Github PK Tool:Github PK Tool

ACII2023: Alexithymia Database Instructions

Description

The Alexithymia Database consists of two datasets that include five physiological signals and several digital channels associated with the experiment state. It is designed to provide insights into the emotios of people with alexithymia. This readme file aims to guide users on how to effectively use and understand the datasets.

File Structure

The dataset files are provided in two formats: ACQ files and a comma-separated values (CSV) format file for demographics information.

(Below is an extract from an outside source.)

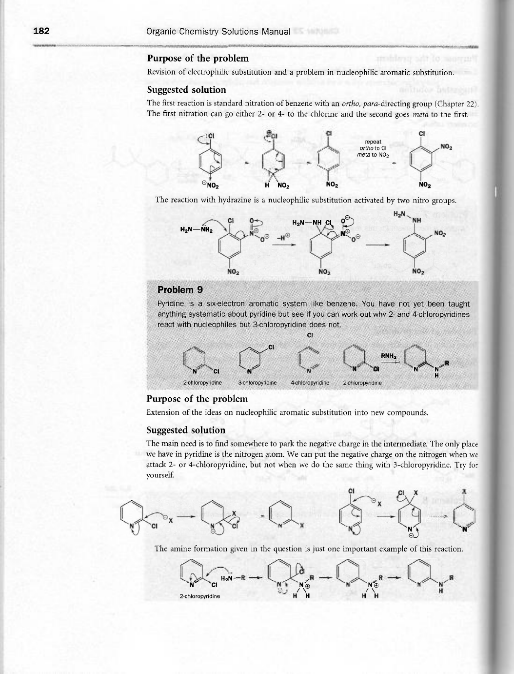 182 Organic Chemistry Solutions Manual Purpose of the problem Revision of electrophilic substitution and a problem in nucleophilic aromatic substitution. Suggested solution The first reaction is standard nitration of benzene with an ortho, para-directing group (Chapter 22). The first nitration can go either 2- or 4- to the chlorine and the second goes meta to the first. CI CI CI repeat ortho to CI NO₂ meta to NO₂ NO₂ H NO₂ NO₂ NO₂ The reaction with hydrazine is a nucleophilic substitution activated by two nitro groups. 1 CI NH CI 0 NH N + H NO₂ 0 NO₂ NO₂ NO₂ Problem 9 Pyridine is a six-electron aromatic system like benzene. You have not yet been taught anything systematic about pyridine but see if you can work out why 2- and 4-chloropyridines react with nucleophiles but 3-chloropyridine does not. CI CI RNH₂ R N CI N N N CI N N H 2-chloropyridine 3-chloropyridine 4-chloropyridine 2-chloropyridine Purpose of the problem Extension of the ideas on nucleophilic aromatic substitution into new compounds. Suggested solution The main need is to find somewhere to park the negative charge in the intermediate. The only place we have in pyridine is the nitrogen atom. We can put the negative charge on the nitrogen when attack 2- or 4-chloropyridine, but not when we do the same thing with 3-chloropyridine. Try for yourself. CI X X X N CI N N N N N The amine formation given in the question is just one important example of this reaction. CI R R N CI N No N H 2-chloropyridine H H H H

  • ACQ files: The datasets are stored in ACQ files, which are data graph files created by AcqKnowledge. Each ACQ file represents data for a single participant. These files contain the recorded physiological signals and various digital channels related to the state of the experiment.
  • Demographics CSV file: In addition to the ACQ files, a separate CSV file is available to access demographics information about the participants. This file provides details such as ID, age, gender, group label, etc. It complements the ACQ files by providing additional contextual information about the participants.

Dataset Columns

ACQ files

  1. Channel ECG: Ignore
  2. Channel SCR: Skin conductance response level
  3. Channel ORB: Ignore
  4. Channel COR: Ignore
  5. Channel ZYG: Ignore
  6. Channel Sound: Ignore
  7. Channel phase1: Digital channel indicating first imagery period
  8. Channel Arousal: Digital channel indicating low/high arousal of emotion
  9. Channel Valence1: Ignore
  10. Channel Valence2: Digital channel indicating the presence of negative emotion
  11. Channel Probe ON: Ignore
  12. Channel Tone1: Digital channel indicating shallow depth of processing
  13. Channel Tone2: Digital channel indicating deep depth of processing
  14. Channel phase2: Digital channel indicating second imagery period
  15. Channel ORB Filter: Ignore
  16. Channel COR Filter: Ignore
  17. Channel ZYG Filter: Ignore
  18. Channel ECG BPM: Electrocardiogram
  19. Channel Trial counter: Ignore
  20. Channel ORB Int: Electromyography of orbicularis
  21. Channel COR Int: Electromyography of corrugator
  22. Channel ZYG Int: Electromyography of zygomaticus
  23. Channel ECG R-R: Ignore
  24. Channel Pulse Rate: Ignore

We are interested into specific columns, therefore follow the instructions below to extract only the necessary data.

Digital channels

Emotions

The relationship between arousal and valence can help interpret emotional states in the dataset. Based on the provided mappings, the following associations can be made:

  • When Arousal = 5 and Valence2 = 0, it corresponds to the emotion of Joy.
  • When Arousal = 0 and Valence2 = 0, it corresponds to a Neutral emotional state.
  • When Arousal = 5 and Valence2 = 5, it corresponds to the emotion of Fear.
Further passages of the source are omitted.